Retype the lines below exactly, but only those from the line that has "2025年9月終了時点の総資" through the line that has "11月8日下午,由外语学院主". Omit every picture.

- Study material -
--- START ---
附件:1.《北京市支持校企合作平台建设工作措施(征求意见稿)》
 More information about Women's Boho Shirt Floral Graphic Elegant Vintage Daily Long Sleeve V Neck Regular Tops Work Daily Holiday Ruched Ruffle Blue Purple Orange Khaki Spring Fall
--- END ---
--- START ---
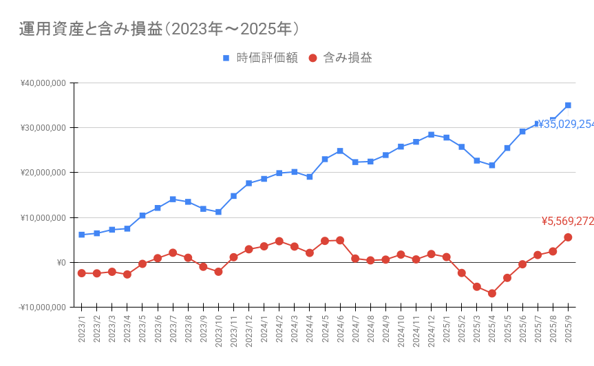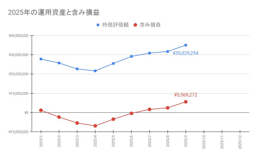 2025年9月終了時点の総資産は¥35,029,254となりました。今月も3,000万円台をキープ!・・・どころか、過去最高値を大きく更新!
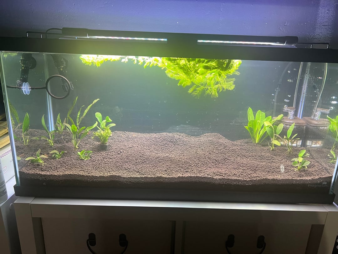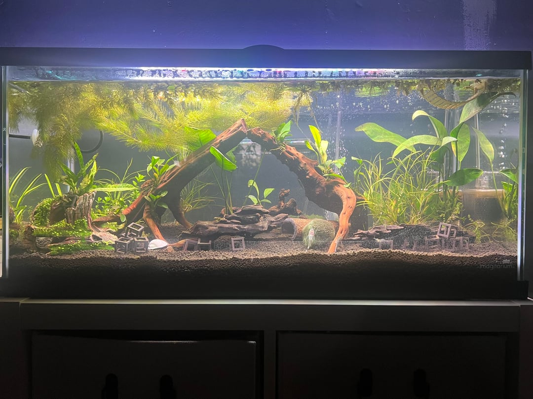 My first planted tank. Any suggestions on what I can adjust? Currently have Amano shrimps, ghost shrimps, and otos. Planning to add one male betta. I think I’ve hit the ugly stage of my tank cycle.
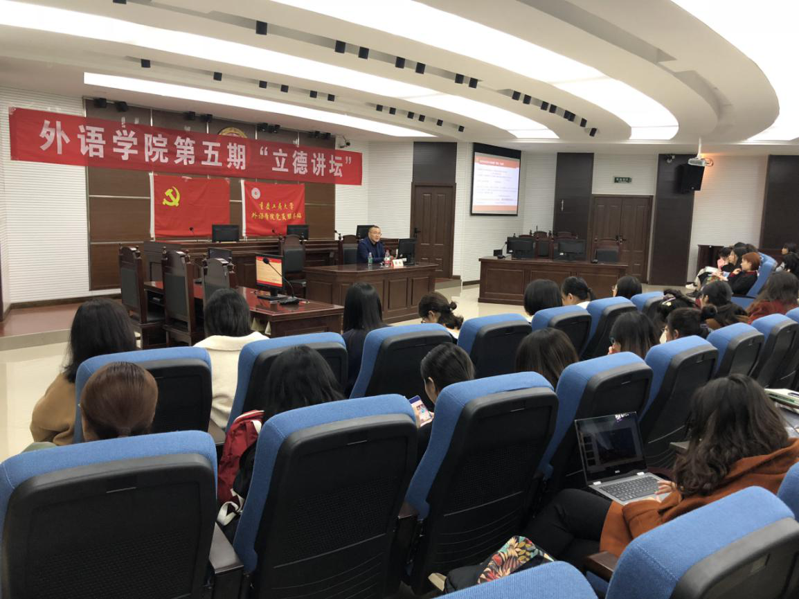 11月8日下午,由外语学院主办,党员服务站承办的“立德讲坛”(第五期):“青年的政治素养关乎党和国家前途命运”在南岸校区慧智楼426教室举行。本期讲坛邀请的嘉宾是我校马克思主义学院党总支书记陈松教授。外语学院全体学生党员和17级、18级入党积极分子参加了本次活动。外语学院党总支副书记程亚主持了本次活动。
--- END ---
- Response box -
 2025年9月終了時点の総資産は¥35,029,254となりました。今月も3,000万円台をキープ!・・・どころか、過去最高値を大きく更新!
 My first planted tank. Any suggestions on what I can adjust? Currently have Amano shrimps, ghost shrimps, and otos. Planning to add one male betta. I think I’ve hit the ugly stage of my tank cycle.
 11月8日下午,由外语学院主办,党员服务站承办的“立德讲坛”(第五期):“青年的政治素养关乎党和国家前途命运”在南岸校区慧智楼426教室举行。本期讲坛邀请的嘉宾是我校马克思主义学院党总支书记陈松教授。外语学院全体学生党员和17级、18级入党积极分子参加了本次活动。外语学院党总支副书记程亚主持了本次活动。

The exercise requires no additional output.